Friday, September 21, 2012

Migraines: Having one

I wrote this a few months ago while I was in the middle of a migraine. I wanted to have something to look back at so I could really describe it to my doctor, in case he needed to know specifics. I have a second one written from a few weeks after this one, which I will post later. At the time I was laying on the couch, waiting for my pain pills to kick in. Feel free to comment or ask questions as you like. I have a lot of experience with migraines, after all.


I stare at the wall, feeling that pain behind my right eyeball. Someone is stabbing my eye. Over and over, it repeats until I have to close my eyes and shift my body out of the lamp light, so my eyes don’t see the light. It hurts less that way. My sinus’ feel tight, like they are stretched out over my face, pressing against my nose. Breathing through my nose feels funny. Like I’m going to break out in a nosebleed any second now.

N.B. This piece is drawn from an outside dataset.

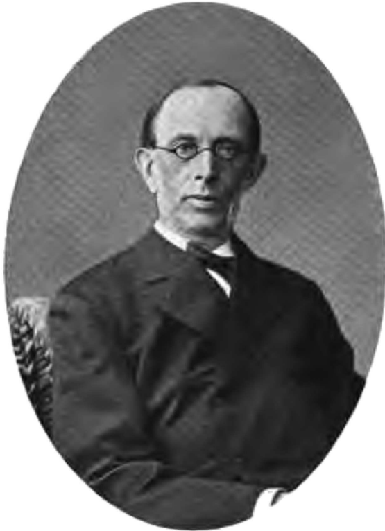
Константи́н Петро́вич Побѣдоносцевъ

Вице-Предсѣдатель Комитета по устройству Добровольнаго флота и Предсѣдатель Главнаго Управленія Общества Добровольнаго флота.

I close my eyes and for a second, they become so heavy I cannot open them. The feeling passes. Now it just feels like the lashes are glued together.

I try to take deep breaths, to ease the pain, but that thing behind my eyes doesn't stop the unrelenting push and stab. Which is it? Push? Stab? Both? It extends down to my jaw. My teeth feel flattened. My mouth hurts in the back and I keep imagining my molars are going to crack the next time I chew on something. It feels like I could make diamonds out of coal, so tight are my teeth against each other. It feels good to clench my teeth, takes some of the pressure away from my eyes, but it doesn’t last. Seconds later my jaw aches and I have to open my mouth and wiggle my jaw back and forth to relax it.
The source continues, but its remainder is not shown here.